It was a chilly day at Bristol Oaks Golf Club on August 31st, especially on hole 15, where the wind comes off the water. However, as Kelly Storti marched up to the tee she wasn’t letting the wind, or the cold, or anything else into her mind. Today was going to be her day. After a scorching round on day one, she had put together a good performance on the front nine and was near the top of the leaderboard as the tournament drew to a close. However, it looked like the monumental task of finishing the back nine and making the turn back to hole 1 to complete her round was getting away from her.

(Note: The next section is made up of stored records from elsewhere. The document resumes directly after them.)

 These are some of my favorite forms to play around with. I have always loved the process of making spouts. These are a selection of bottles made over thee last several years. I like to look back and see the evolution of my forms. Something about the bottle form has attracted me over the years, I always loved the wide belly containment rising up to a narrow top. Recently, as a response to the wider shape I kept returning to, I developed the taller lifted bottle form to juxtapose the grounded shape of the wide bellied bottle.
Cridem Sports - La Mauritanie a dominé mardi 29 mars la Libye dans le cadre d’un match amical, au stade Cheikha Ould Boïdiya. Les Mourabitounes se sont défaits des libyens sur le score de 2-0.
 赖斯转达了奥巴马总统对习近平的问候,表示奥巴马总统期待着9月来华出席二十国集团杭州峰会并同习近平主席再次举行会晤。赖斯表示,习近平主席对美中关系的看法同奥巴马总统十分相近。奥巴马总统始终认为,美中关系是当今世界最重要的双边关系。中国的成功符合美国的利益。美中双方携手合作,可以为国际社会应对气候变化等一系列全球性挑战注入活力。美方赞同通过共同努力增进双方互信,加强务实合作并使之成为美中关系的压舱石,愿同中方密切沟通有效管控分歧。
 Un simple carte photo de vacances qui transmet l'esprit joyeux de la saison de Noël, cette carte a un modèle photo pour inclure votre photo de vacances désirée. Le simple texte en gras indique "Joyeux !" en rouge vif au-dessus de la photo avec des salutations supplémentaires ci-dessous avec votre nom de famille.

“On the back nine I was kind of struggling, I was missing birdies that should be birdies, but ended up pars. I wasn’t having as many birdies as I was before so I was kind of freaking out a little bit,” she said.
Had it been a less experienced golfer, there might have been a collapse, but Storti stayed strong.

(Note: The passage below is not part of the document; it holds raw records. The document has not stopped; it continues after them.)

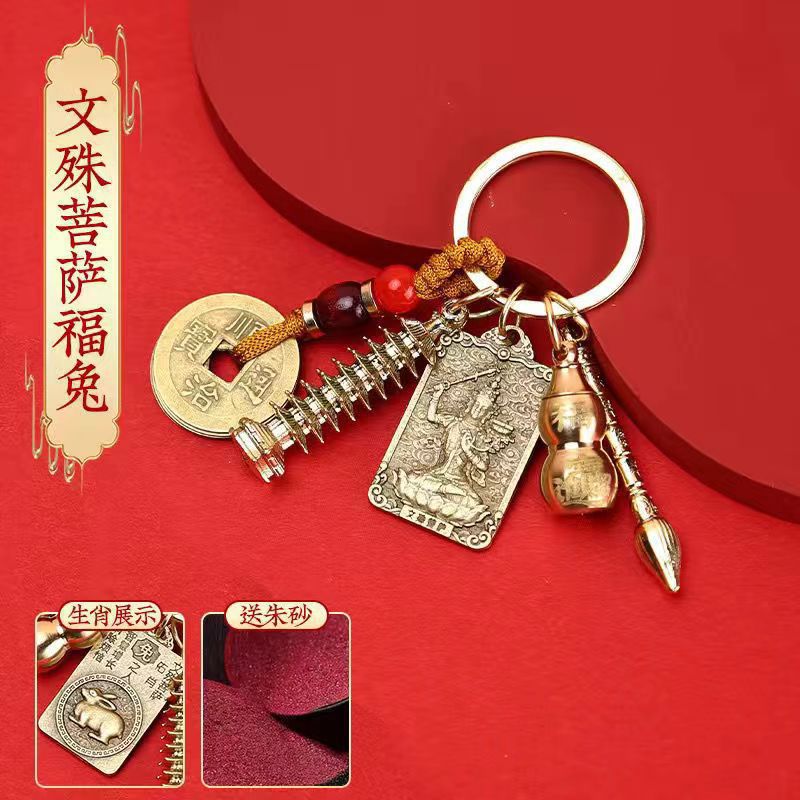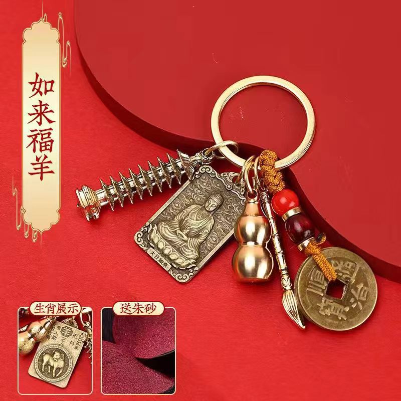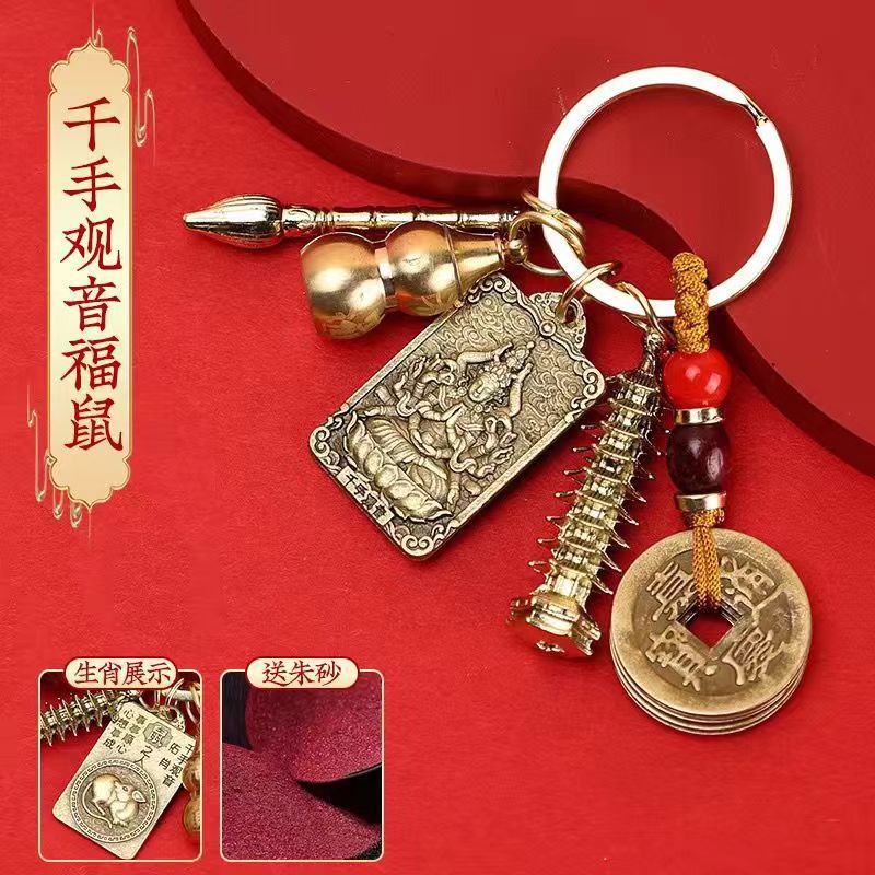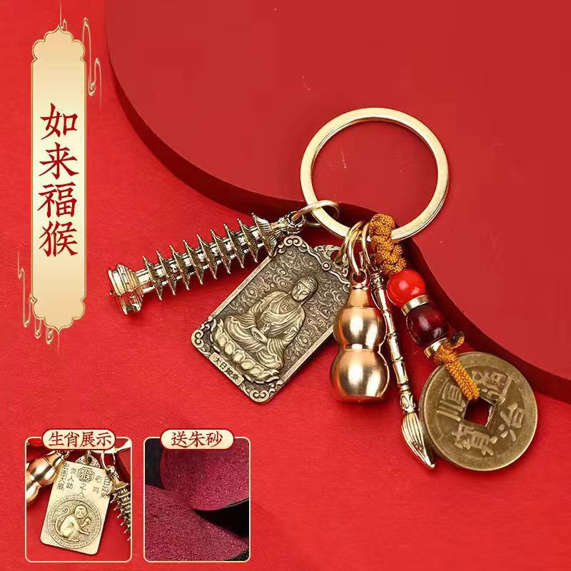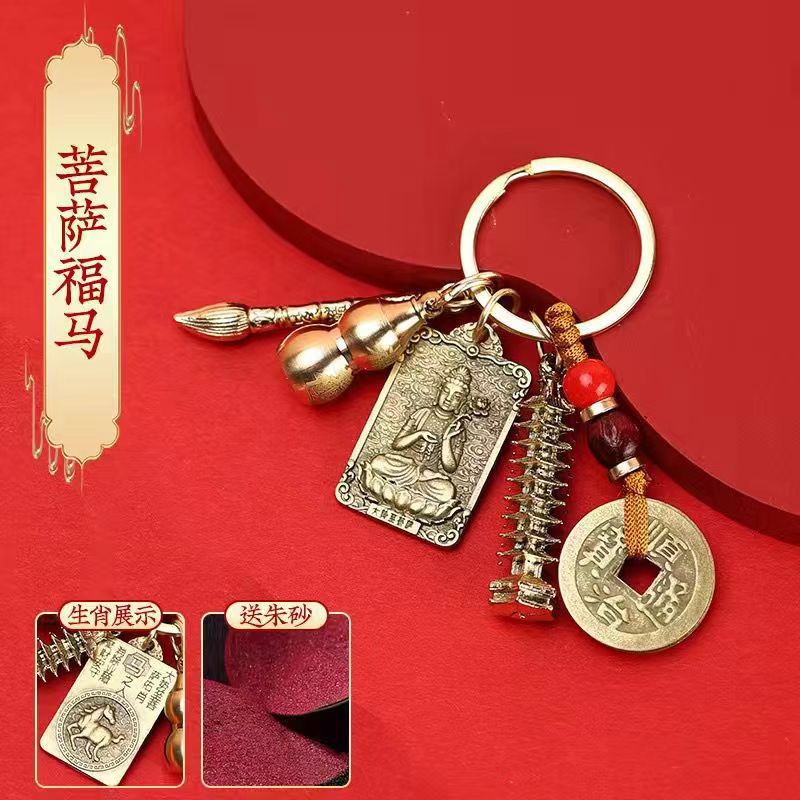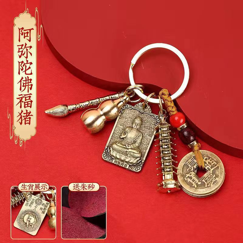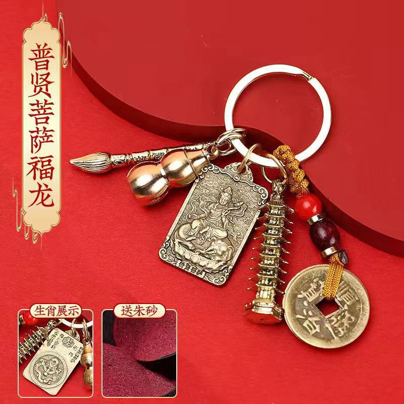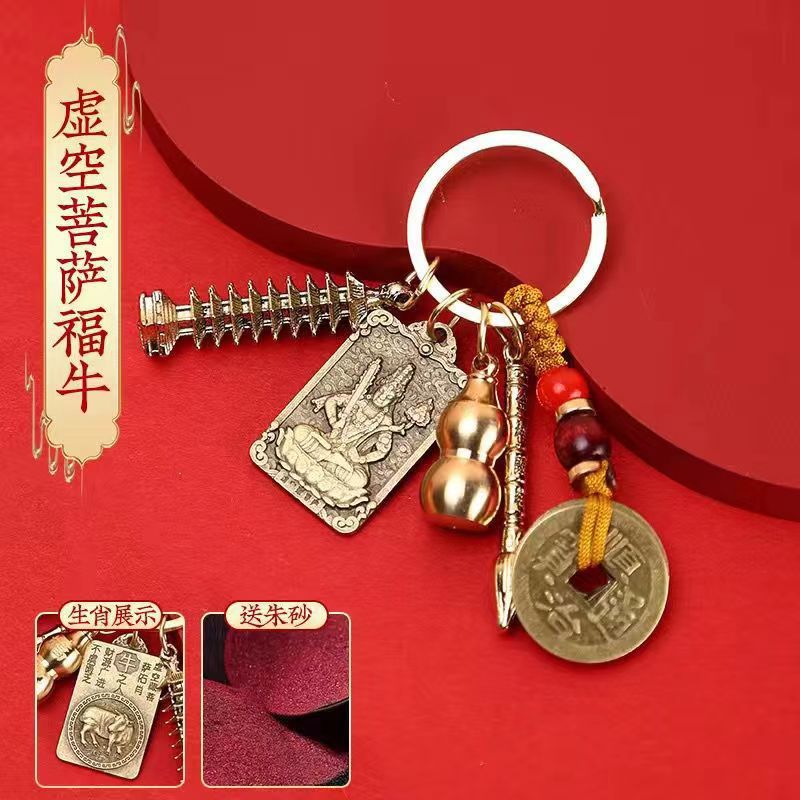 황동 조롱박 5 명의 황제 돈 1 명의 학생 책가방 펜던트 양면 12 조디악 수호 성인 행운의 카드 열쇠 고리
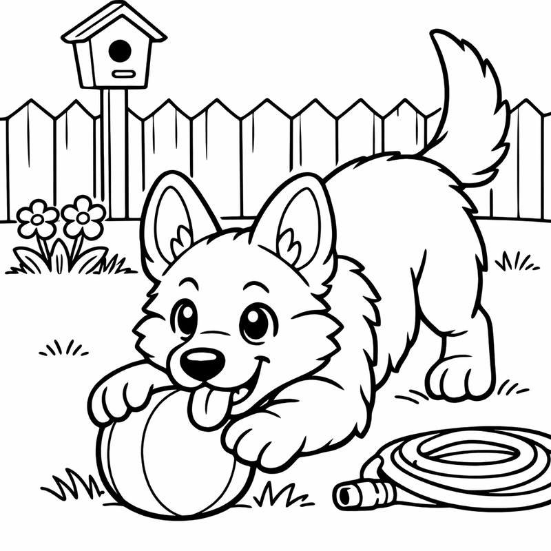 German Shepherd Coloring Page — A German Shepherd Puppy Playing With A Ball In A Yard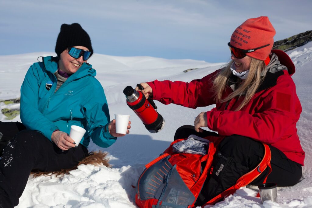 Du møtes rundt en felles aktivitet. Du trenger ikke fylle luften med small talk. Du er ute av den vanlige rollen din. Og du deler noe konkret med noen — en bakke, et utsiktspunkt, en pause med kaffe fra termosen.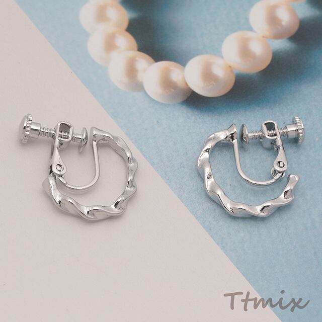 LS1183 デザインイヤリング C字 ツイスト ネジバネ式 メタルイヤリング 約3×18mm(1ペア)

“I was staying calm and relaxed, and very level-headed. It’s kind of just how everything worked.”
Storti stepped up to the tee for the same pre-shot routine she used every time, calm and collected. She hit her shot well, over the water hazard and onto the green. On the next stroke, she put the ball in the hole for a birdie. Like a surgeon moving methodically through an operation, she moved on to hole 16, a straightaway, and birdied it as well.
“I was doing a lot of positive self talk throughout a lot of the back nine. Once I had those back-to-back birdies, I pretty much knew what I was shooting on the back,” she said. “I made the turn and it was my last hole, and I just told myself you have this shot right here. Don’t focus on the outcome, don’t focus on anything else. Just finish out this hole and figure out what you shot after.”
Without anything in her mind but technique, Storti sank the last hole with precision, finishing her round with another 76 and matching the day before.
“First of all I was really happy with how I did. I really knew that that’s how every single round of golf should feel because I was just so level headed. I knew exactly what I was doing. If I had a bad shot I had a bad shot, and just came back the next shot or the next hole.”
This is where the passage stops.